My own opinion is that there is a well-recognized rule, which has been enforced for at least 200 years or thereabouts, under which these courts will not collect the taxes of foreign States for the benefit of the sovereigns of those foreign States; and this is one of those actions which these courts will not entertain.

The reasons for not enforcing a foreign state's revenue laws was explained by the House of Lords in Government of India, Ministry of Finance (Revenue Division) v. Taylor:5

If one State could collect its taxes through the courts of another, it would have arisen through what is described, vaguely perhaps, as comity or the general practice of nations inter se. . . . Tax gathering is an administrative act, though in settling the quantum as well as in the final act of collection judicial process may be involved. Our courts will apply foreign law if it is the proper law of a contract, the subject of a suit. Tax gathering is not a matter of contract but of authority and administration between the State and those within its jurisdiction. If one considers the initial stages of the process, which may, as the records of your Lordships' House show, be intricate and prolonged, it would be remarkable comity if State B allowed the time of its court to be expended in assisting in this regard the tax gatherers of State A.

Footnotes

1. Mallinak, "The Revenue Rule: A Common Law Doctrine for the Twenty-First Century," 16 Duke J. Comp. & Int'l L. 79 (2006)).

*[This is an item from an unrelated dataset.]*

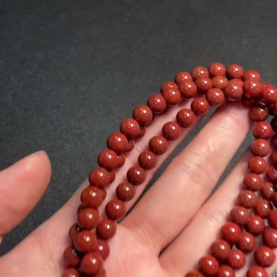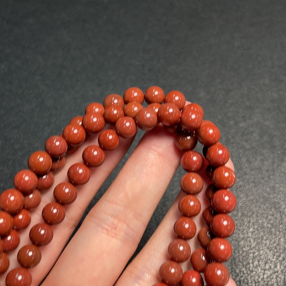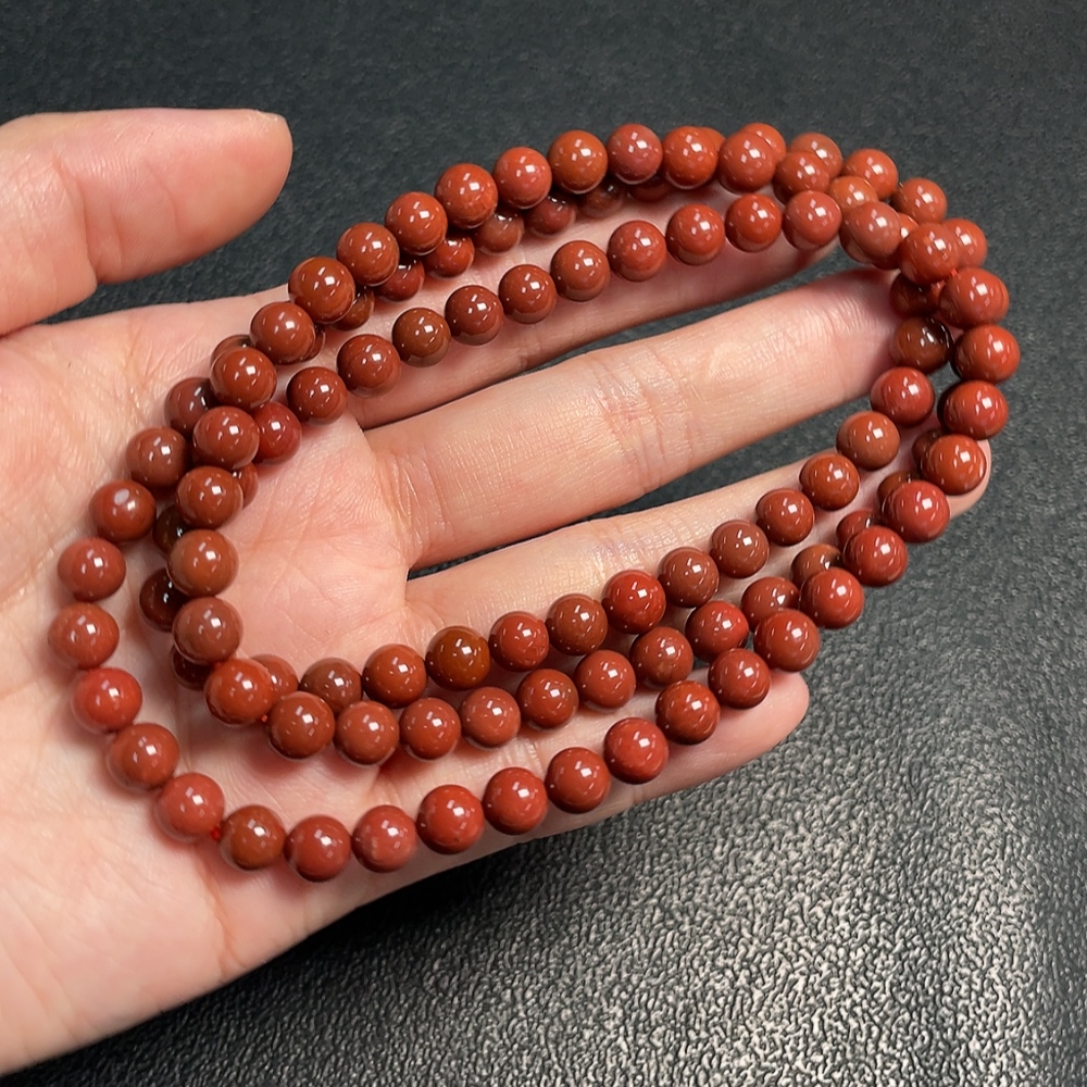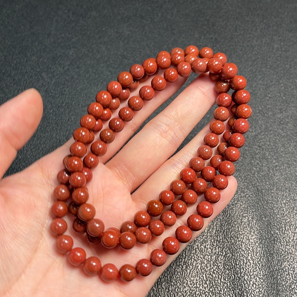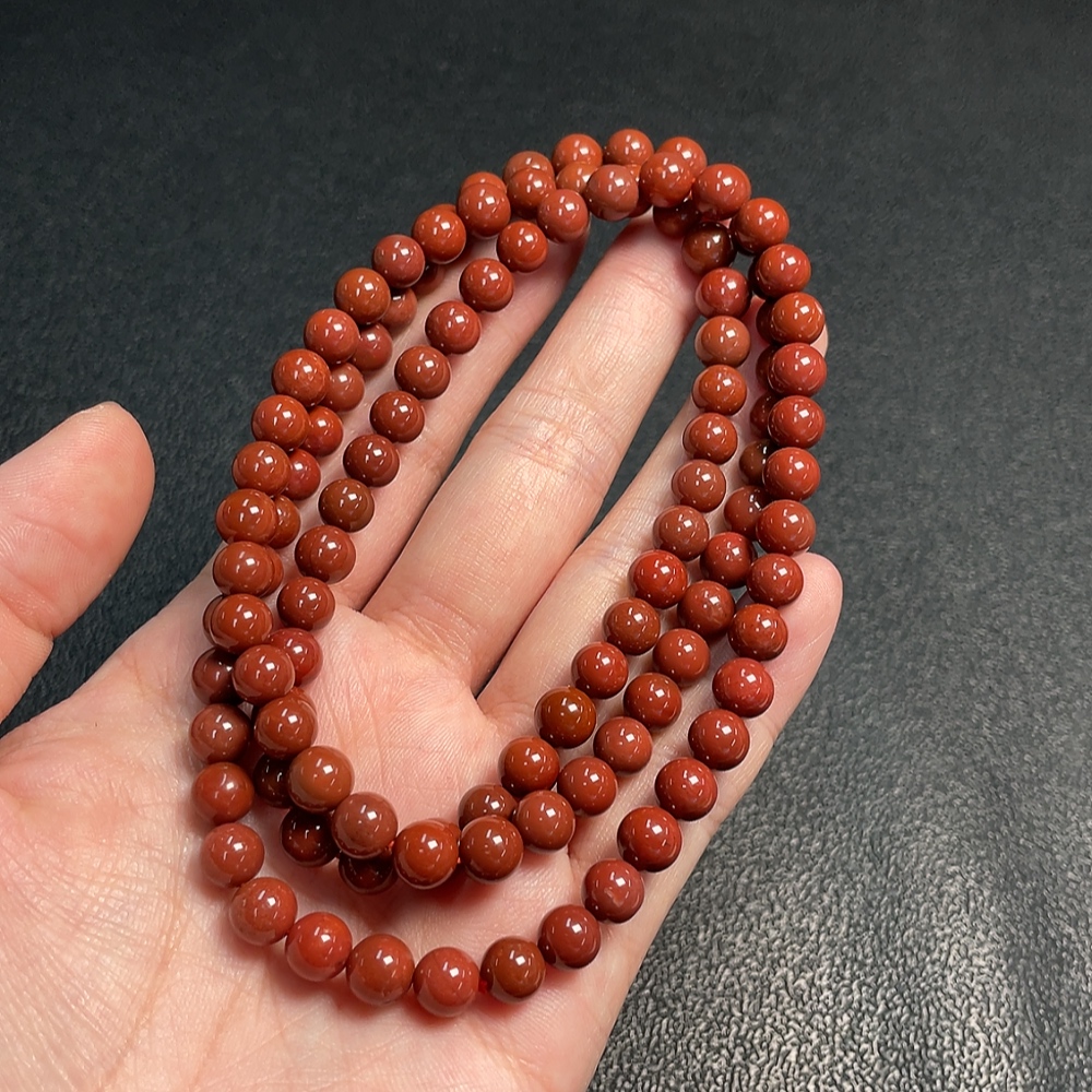 South Red Agate Bead Necklace with Visible Organic Matter, Total Weight Approx. 42.37g, Size About 6.7mm

2. Pasquantino v. U.S. , 544 U.S. 349, 360 et. seq, (2005).

3. (1923) 16 LI. L.Rep. 190, 193.

4. [1928] Ch. 877, 884; 44 T.L.R. 692.

5. [1955] A.C. 491. The factual background in this case is as follows. The government of India sought to enforce and collect capital gains tax from the sale of an English company that carried on business in India. The English company filed for voluntary liquidation and the Indian government brought its claim in the English bankruptcy proceeding. The House of Lords decision was unanimous.